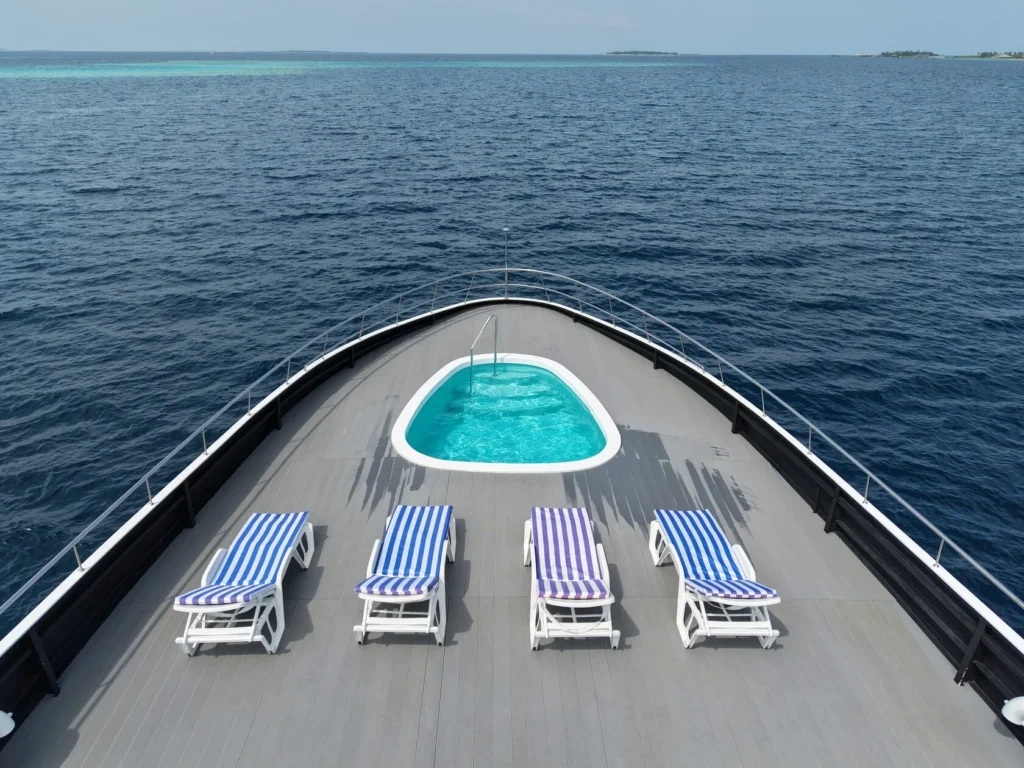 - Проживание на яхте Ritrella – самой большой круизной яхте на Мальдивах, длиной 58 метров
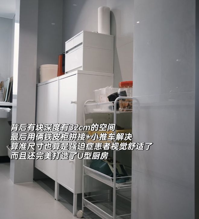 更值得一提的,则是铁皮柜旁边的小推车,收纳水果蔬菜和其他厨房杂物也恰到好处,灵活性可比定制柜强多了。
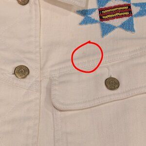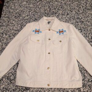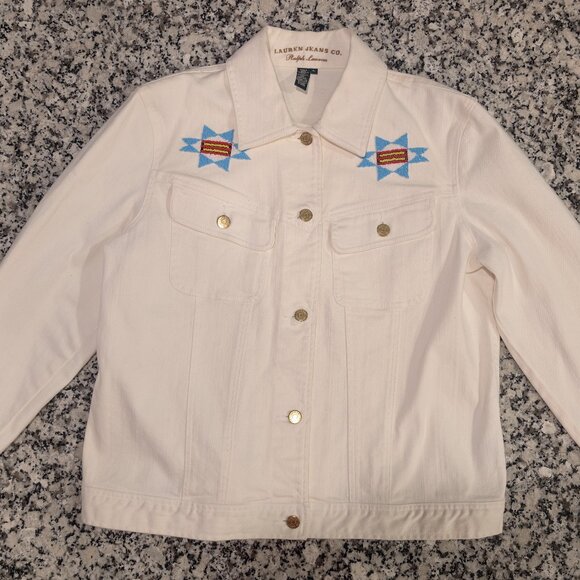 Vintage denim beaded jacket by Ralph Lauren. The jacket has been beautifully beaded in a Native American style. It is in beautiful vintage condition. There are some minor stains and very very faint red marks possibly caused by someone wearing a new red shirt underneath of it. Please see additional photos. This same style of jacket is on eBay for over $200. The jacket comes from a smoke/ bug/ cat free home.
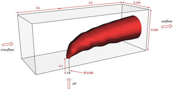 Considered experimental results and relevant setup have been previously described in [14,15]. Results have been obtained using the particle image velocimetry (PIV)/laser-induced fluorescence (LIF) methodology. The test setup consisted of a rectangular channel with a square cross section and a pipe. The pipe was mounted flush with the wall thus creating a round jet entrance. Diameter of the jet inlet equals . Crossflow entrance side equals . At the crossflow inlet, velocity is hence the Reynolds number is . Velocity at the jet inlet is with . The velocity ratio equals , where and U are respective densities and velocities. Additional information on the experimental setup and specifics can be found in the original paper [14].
...
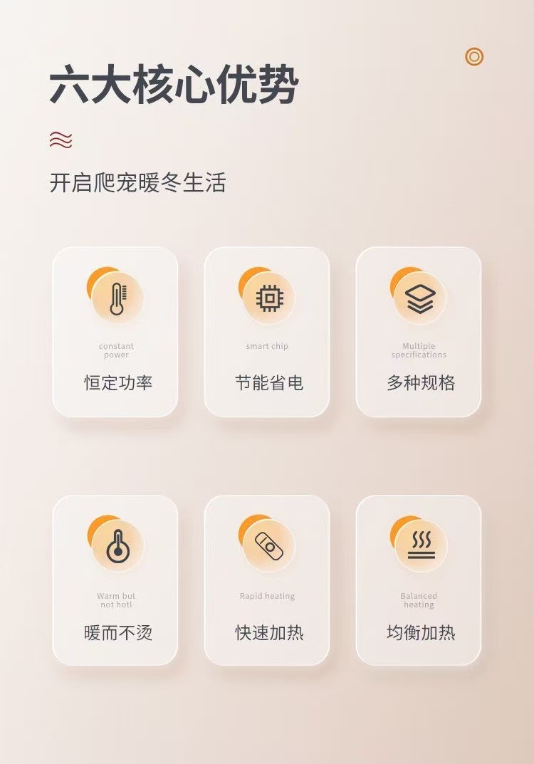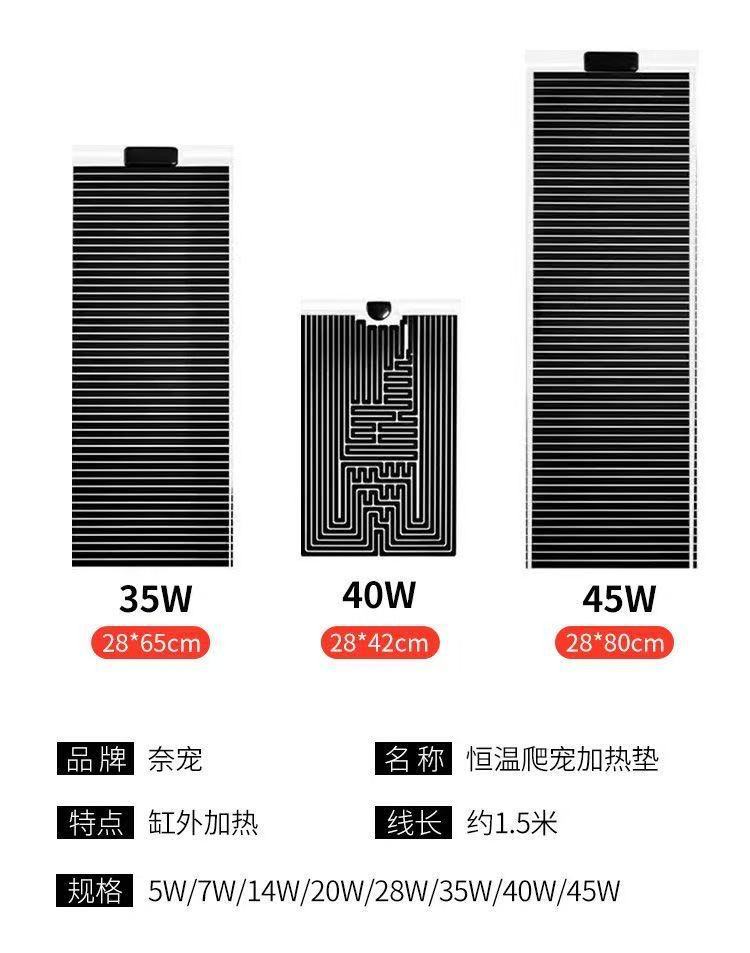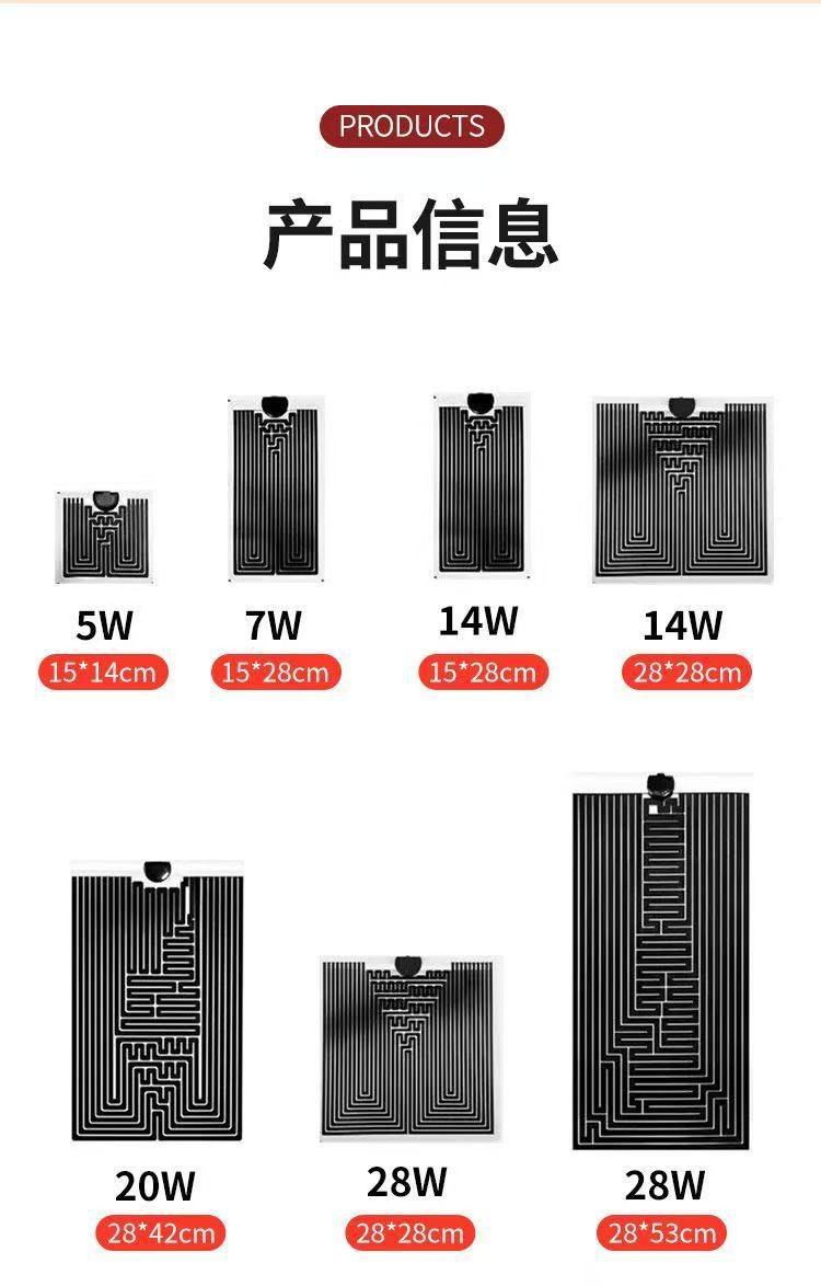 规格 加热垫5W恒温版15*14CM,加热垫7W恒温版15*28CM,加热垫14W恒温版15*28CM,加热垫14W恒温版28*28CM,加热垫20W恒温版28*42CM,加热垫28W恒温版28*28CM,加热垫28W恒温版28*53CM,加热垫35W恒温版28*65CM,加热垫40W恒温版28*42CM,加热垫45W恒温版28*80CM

TASK: Beginning at the line above that contains "更值得一提的,则是铁皮柜旁边", repeat each line exactly through the one that contains "Vintage denim beaded", and leave out the pictures.

ANSWER SECTION:
 更值得一提的,则是铁皮柜旁边的小推车,收纳水果蔬菜和其他厨房杂物也恰到好处,灵活性可比定制柜强多了。
 Vintage denim beaded jacket by Ralph Lauren. The jacket has been beautifully beaded in a Native American style. It is in beautiful vintage condition. There are some minor stains and very very faint red marks possibly caused by someone wearing a new red shirt underneath of it. Please see additional photos. This same style of jacket is on eBay for over $200. The jacket comes from a smoke/ bug/ cat free home.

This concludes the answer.